Actually, unless the Vick proof is straightforward and readily
comprehensible, I think showing how to go from Hatcher to a solution
would be preferable.  Thanks.

hi dubois,

The reduced homology groups are defined on page 110 of Hatcher. In
fact, for n>0 H_n-tilda is exactly equal (by definition) to H_n. For
n=0 the difference is that H_0 = C_0 / Im d_1  (d=my notation for
boundary sign)
whereas H_0-tilda = Ker e / Im d_1  (e = epsilon)
As Hatcher explains, this implies that H_0 is isomorphic to the direct
sum of H_0-tilda with Z.

Actually, in our specific case of S^3\X there is no need to think
about all this mumbo-jumbo: H_0 of a space is always the free abelian
group generated by the path components of the space, i.e. a direct sum
of copies of Z, one for each connected component. H_0(S^3\X) = Z since
obviously S^3\X is pathwise-connected. This was mathtalk's original
observation. For all n>0 the reduced homology groups are the same as
the ordinary homology groups.

Hope this helps. I might have some things to say about your other
question (the one about universal coverings of S_1xS_1) later on
today.

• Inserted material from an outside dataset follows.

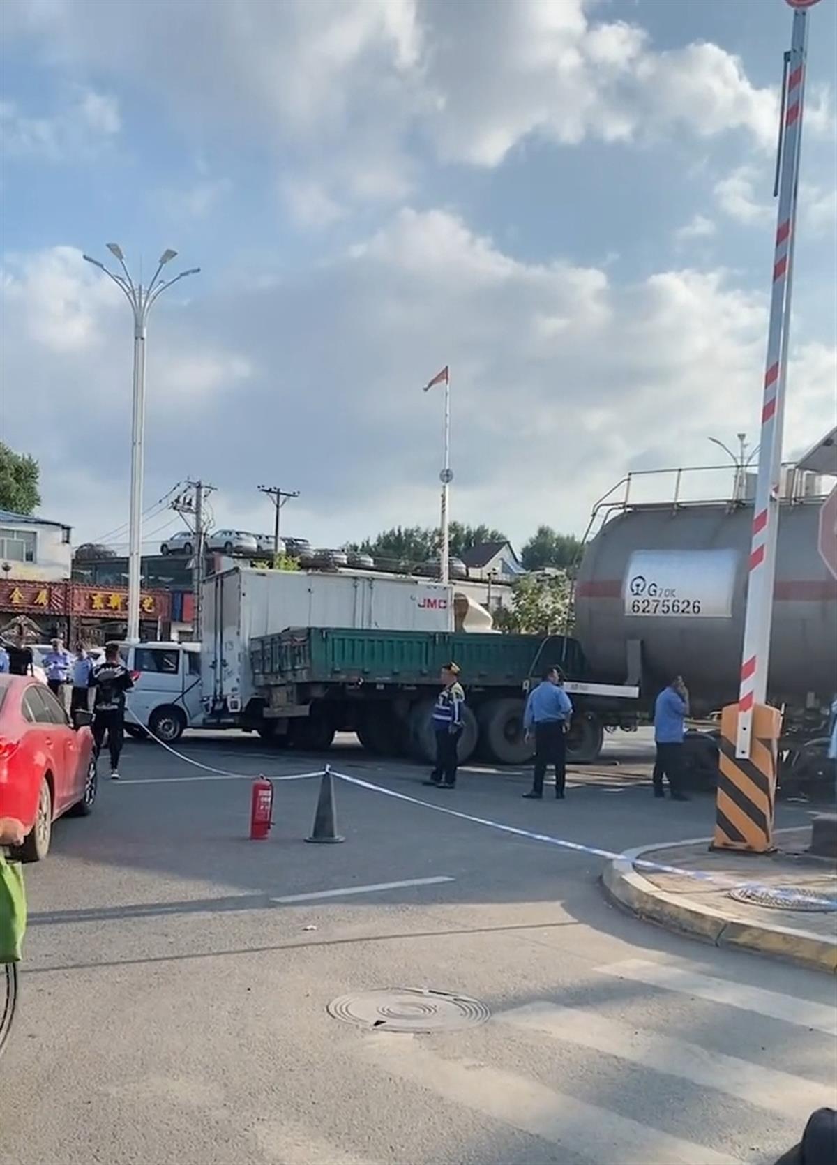 视频显示,现场拉起了警戒线,火车的车尾与一辆大货车相撞,火车运送的罐体上标有“轻油易燃”字样,其中一节列车还因碰撞脱轨。

The relative homology thing still scares me a bit, though...

dannidin

An excellent answer from Dannidin; extremely helpful and highly useful.

Hi, dubois:

I just wanted to add my comment that dannidan's answer agrees with my
geometric intution.  As I had mentioned, the "loops" or boundaries of
a 2-simplex can "entangle" the excised circle X, but larger
dimensional simplexes cannot become entangled in the same way.  In
this sense I expected H_0 = H_1 = Z and all the higher groups trivial.

I also went to look last night for my copy of Vick, but could only
must a copy of Munkres.

I'll be happy to take a look at Hatcher's chapter and see if I have
suggestions about the other part of your original problem, now
reposted separately.

regards, mathtalk-ga